Trump's personality may pose a particular challenge, in the view of some.
“There’s always the risk in these trips that the president will do something wrong or create a diplomatic row with an ally," said Philip Carter, a retired Army officer who served in Iraq and is now at the Center for a New American Security. "And we’ve seen that before with this president and others. So it may be the case that the Pentagon really doesn’t want this trip to happen because they’re very carefully managing the situations.”
“There are complexities in these places that can get lost in a tweet," he added.
Many agree Trump need not rush such a visit and argue it would be better for him to wait until the new Afghanistan approach he authorized last summer is further along.
“There’s lots of way to express appreciation and interest for the military,” said House Armed Services Chairman Mac Thornberry (R-Texas). “And … a president, or even us, have to be aware of the cost — and I don’t just mean economic costs — involved in getting into a place that’s somewhat dangerous."
Thornberry believes Trump has shown his support for the troops in other, less symbolic ways.
Since taking office Trump has presided over gains in the war against ISIS with a strategy similar to that employed by Obama. Trump has ratcheted up military tactics, however, by dropping more bombs on ISIS and delegating more authority to military commanders to approve air strikes and other military operations.
Trump also committed more troops to war in Afghanistan, reversing his earlier skepticism of U.S. involvement there, without a specific timeline.

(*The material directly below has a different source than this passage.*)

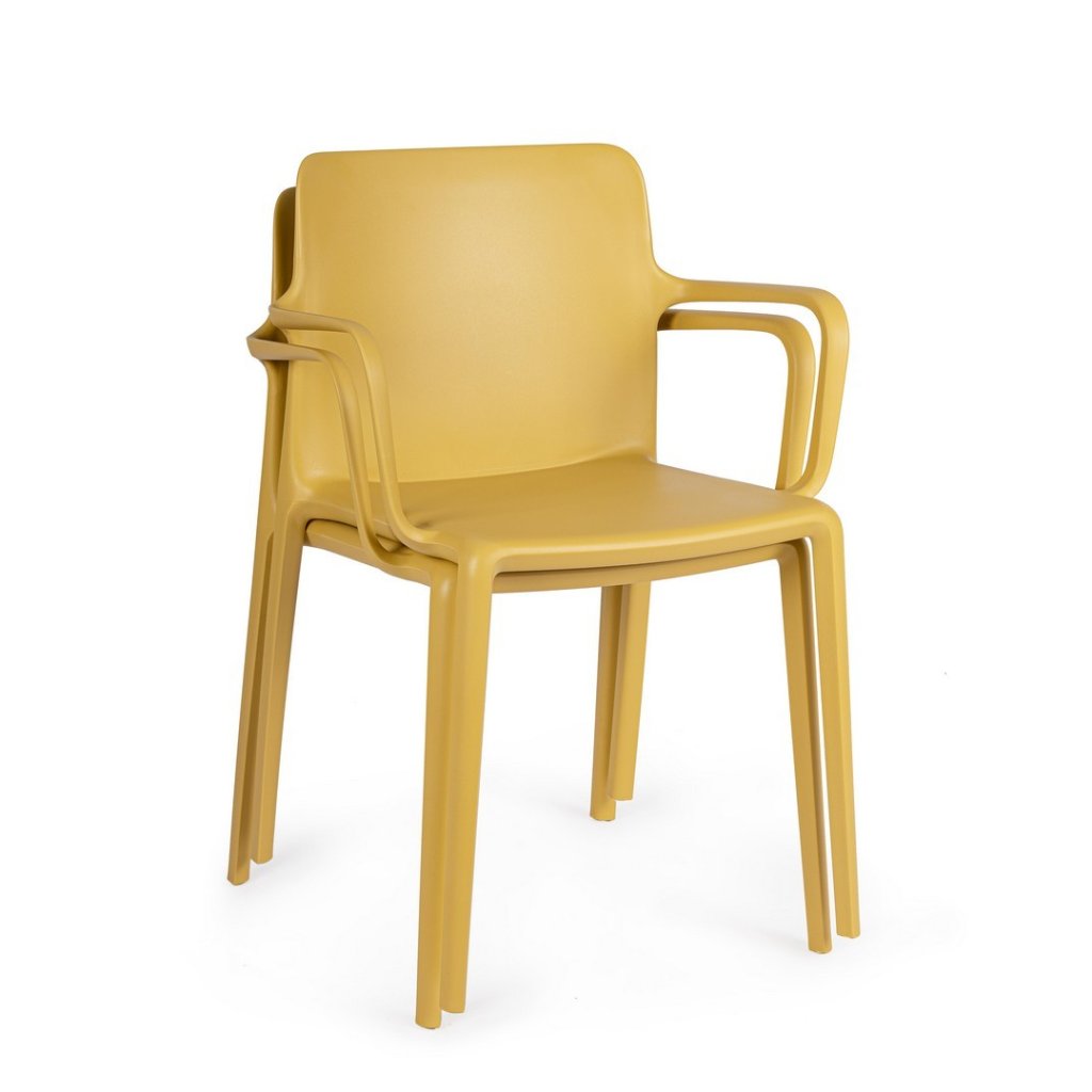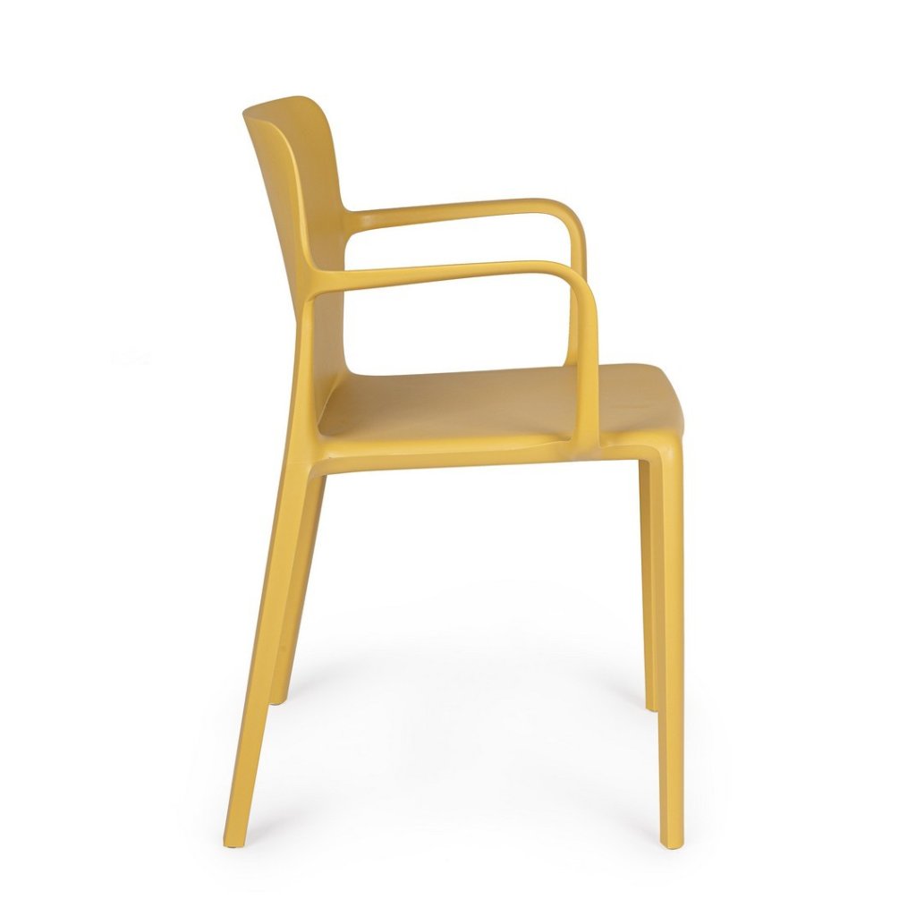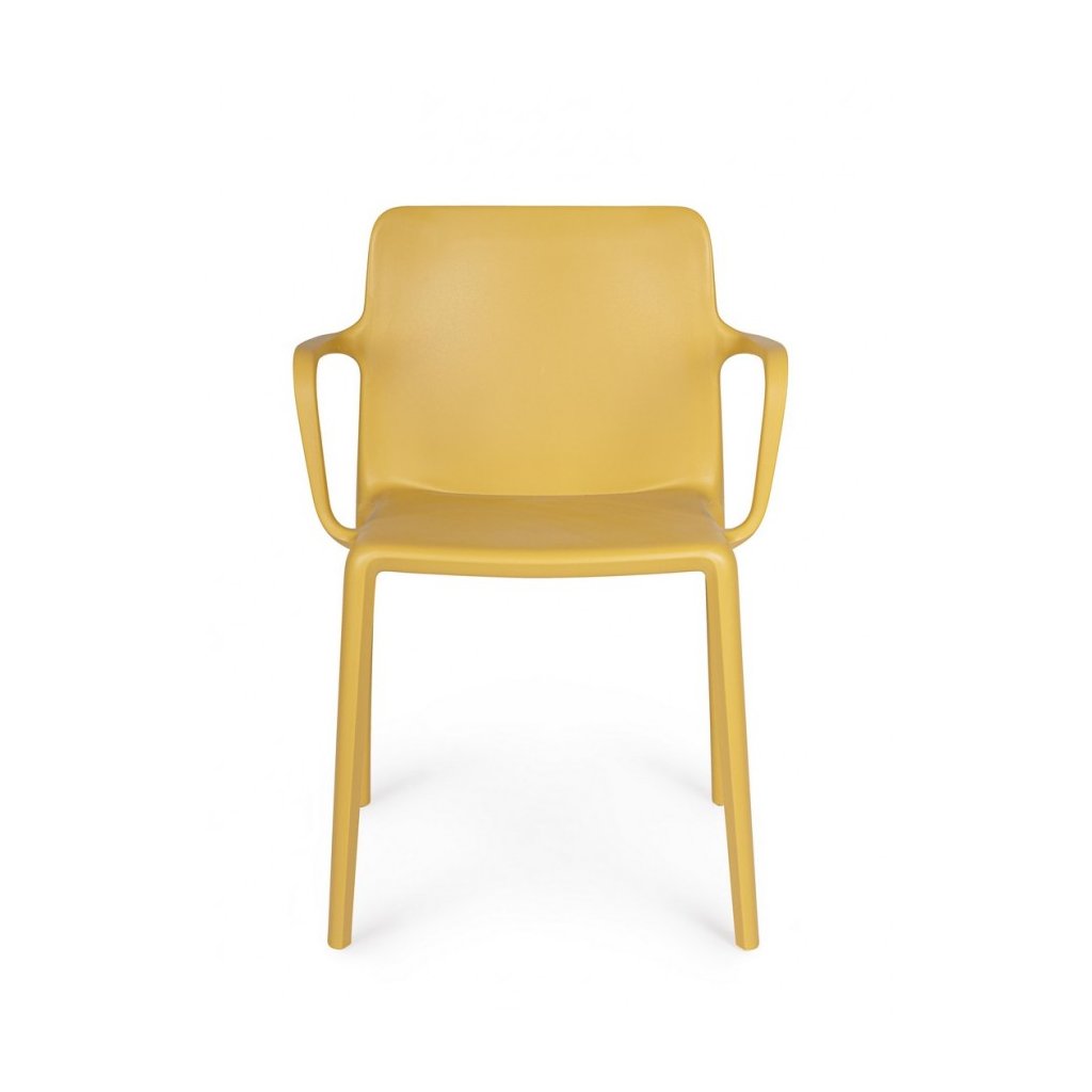 Designová a multifunkční plastová židle CHLORIS od italského výrobce stylového nábytku BIZZOTTO.  CHLORIS je ideální židle pro venkovní i vnitřní účely v klasickém a velmi žádaném provedení s područkami. Je vyrobena z plastu ve žluté barvě a je odolná vůči UV záření. Židle CHLORIS je lehce stohovatelná. Parádní pro každou terasu či balkón. Není nutná montáž, což ocení nejeden z vás.

The Pentagon is also on track to achieve its largest budget in years after Trump signed into law a budget agreement that lifts defense spending caps by $165 billion over two years, teeing up an eye-popping $716 billion in military spending for the coming fiscal year.
Still, many in the defense establishment see the personal involvement of the commander-in-chief as crucial.
"My hope is ... he understands that there has to be a human element here that can't be replaced by hiding out in the Oval Office," said Leon Panetta, Obama's secretary of defense. “It's fine to approve budgets for stronger defense. It's fine to go to various ceremonies. But nothing really substitutes for a president's actually going to the war zone and touching people there, because they want to know that a commander-in-chief is not isolated from the sacrifices they're making.”